* [Data extracted from a collection]:

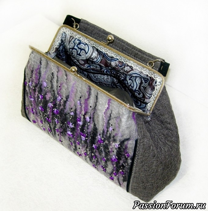 Доброго всем времени суток и хорошего настроения) Поделюсь фотографиями двух последних сумок с валяными вставками) Сумка "Северное сияние" Фиолетт , была выполнена на заказ. Как образец, она идет в монохромных серо-черных тонах, но будущая обладательница попросила добавить фиолетовых и сиреневых оттенков в валяной вставке и вышивке) Было интересно попробовать и такой вариант) А вот вторая сумка творилась в свободном вдохновении и в свободную продажу, и здесь я "оторвалась" на фактуре: тут и шерсть для валяния, и пряжа необыкновенная, вышивка лентами и немного "французского узелка" ирисом. ( Техника - мокрое валяние и иглопробивная машина) Получилась картинка настоящего Севера, белых метелей и вьюг) Назвала сумку "Северянка"))))
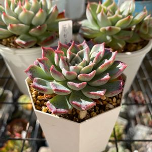 今日は朝から気持ちの良いお天気です♪ 多肉棚で最近一際目を引いている、 この子。 残念ながら「エレガンスの交配種」とだけ🥲 写真では色が出なかったのだけど、 もっと青みが強くピンクも際立って美しい子なんです😍 VERVE さんの通販の5500円以上お買い物すると買える99円のオリジナル交配の子。 今後の紅葉も楽しみです💕 最近葉数の多い子がマイブームなのかも💕💕
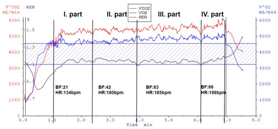 This represents one of the most demanding challenges for human physiology, primarily for the oxygen transport system, i.e., the transport of oxygen from the ambient air to the working muscles. During the standard spiroergometry test, the rowing ergometer was set up in a special room. The temperature (approx. 16–22 °C), humidity (30–60%) and ventilation of the room were controlled. The extreme effort associated with rowing can be explained by the seated posture and the simultaneous intensive use of the upper and lower limbs, which together increase cardiac output [22].
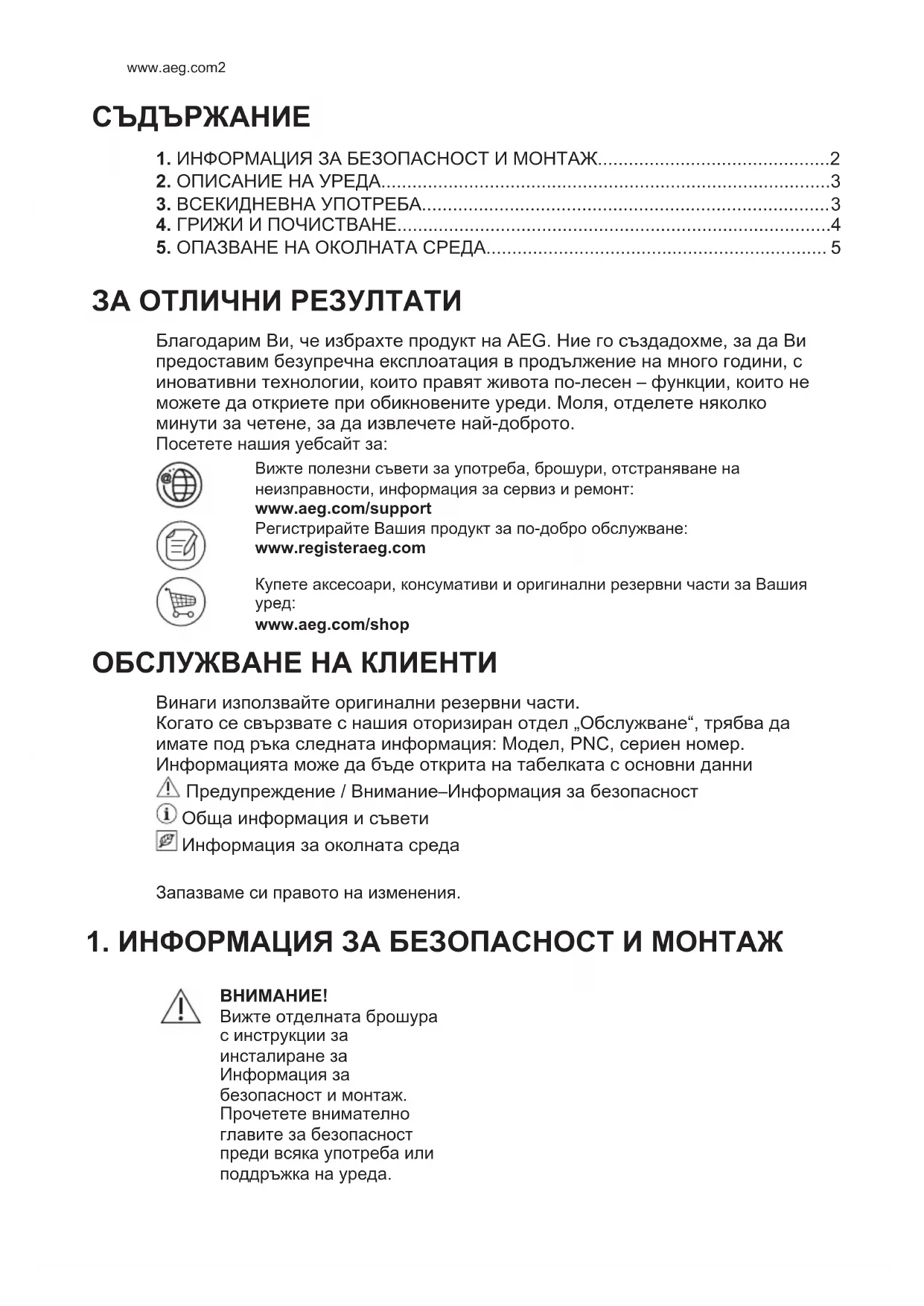 www.aeg.com/shop ОБСЛУЖВАНЕ НА КЛИЕНТИ Винаги използвайте оригинални резервни части. Когато се свързвате с нашия оторизиран отдел „Обслужване“, трябва да имате под ръка следната информация: Модел, PNC, сериен номер. Информацията може да бъде открита на табелката с основни данни Предупреждение / Внимание–Информация за безопасност Обща информация и съвети Информация за околната среда Запазваме си правото на изменения.
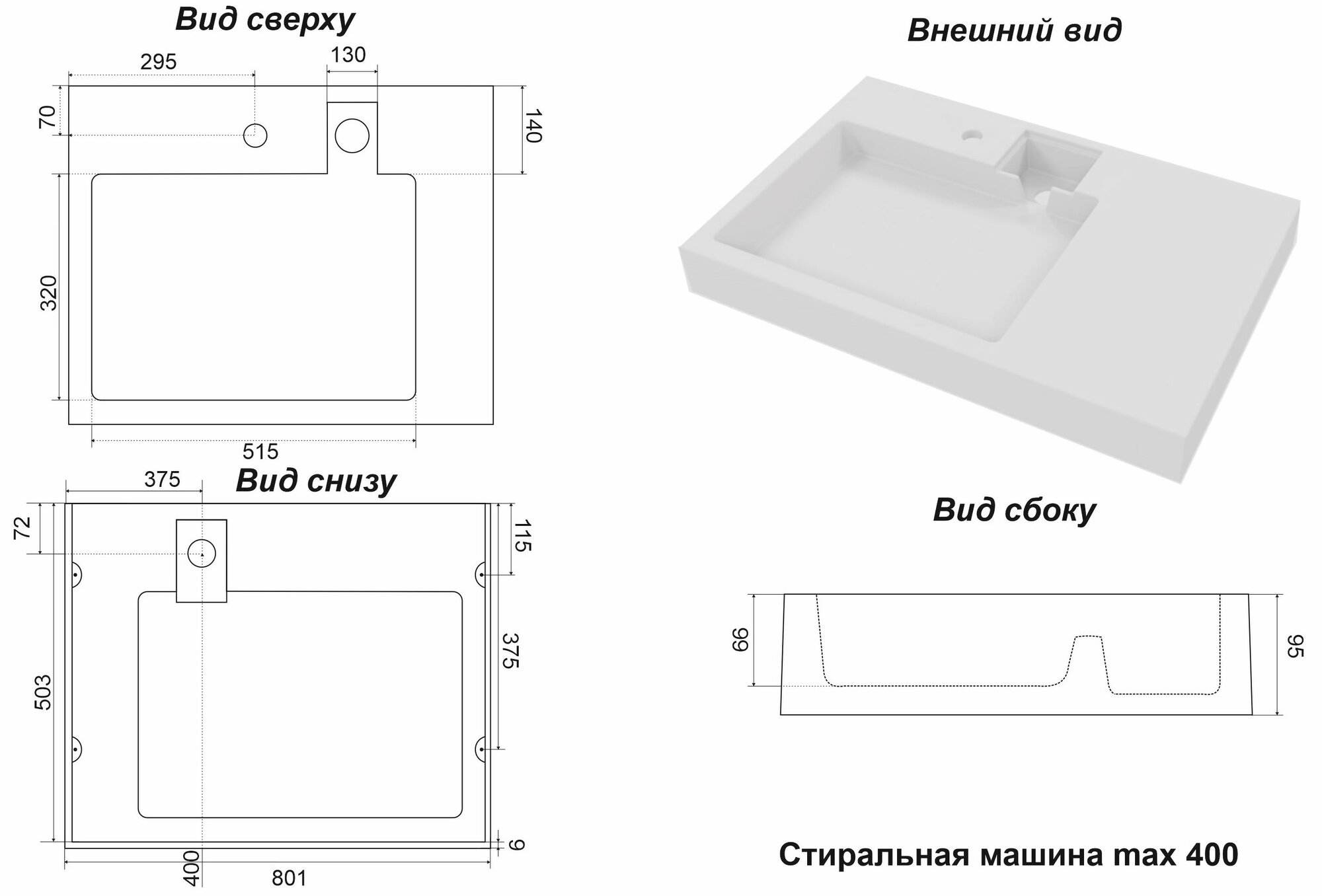 Раковина со столешницей для установки над стиральной машиной Стандарт 80, 800х500, белый информация:

* [Requirement]: Transcribe the records above exactly, leaving out every picture.

* [Task solution]:
 Доброго всем времени суток и хорошего настроения) Поделюсь фотографиями двух последних сумок с валяными вставками) Сумка "Северное сияние" Фиолетт , была выполнена на заказ. Как образец, она идет в монохромных серо-черных тонах, но будущая обладательница попросила добавить фиолетовых и сиреневых оттенков в валяной вставке и вышивке) Было интересно попробовать и такой вариант) А вот вторая сумка творилась в свободном вдохновении и в свободную продажу, и здесь я "оторвалась" на фактуре: тут и шерсть для валяния, и пряжа необыкновенная, вышивка лентами и немного "французского узелка" ирисом. ( Техника - мокрое валяние и иглопробивная машина) Получилась картинка настоящего Севера, белых метелей и вьюг) Назвала сумку "Северянка"))))
 今日は朝から気持ちの良いお天気です♪ 多肉棚で最近一際目を引いている、 この子。 残念ながら「エレガンスの交配種」とだけ🥲 写真では色が出なかったのだけど、 もっと青みが強くピンクも際立って美しい子なんです😍 VERVE さんの通販の5500円以上お買い物すると買える99円のオリジナル交配の子。 今後の紅葉も楽しみです💕 最近葉数の多い子がマイブームなのかも💕💕
 This represents one of the most demanding challenges for human physiology, primarily for the oxygen transport system, i.e., the transport of oxygen from the ambient air to the working muscles. During the standard spiroergometry test, the rowing ergometer was set up in a special room. The temperature (approx. 16–22 °C), humidity (30–60%) and ventilation of the room were controlled. The extreme effort associated with rowing can be explained by the seated posture and the simultaneous intensive use of the upper and lower limbs, which together increase cardiac output [22].
 www.aeg.com/shop ОБСЛУЖВАНЕ НА КЛИЕНТИ Винаги използвайте оригинални резервни части. Когато се свързвате с нашия оторизиран отдел „Обслужване“, трябва да имате под ръка следната информация: Модел, PNC, сериен номер. Информацията може да бъде открита на табелката с основни данни Предупреждение / Внимание–Информация за безопасност Обща информация и съвети Информация за околната среда Запазваме си правото на изменения.
 Раковина со столешницей для установки над стиральной машиной Стандарт 80, 800х500, белый информация:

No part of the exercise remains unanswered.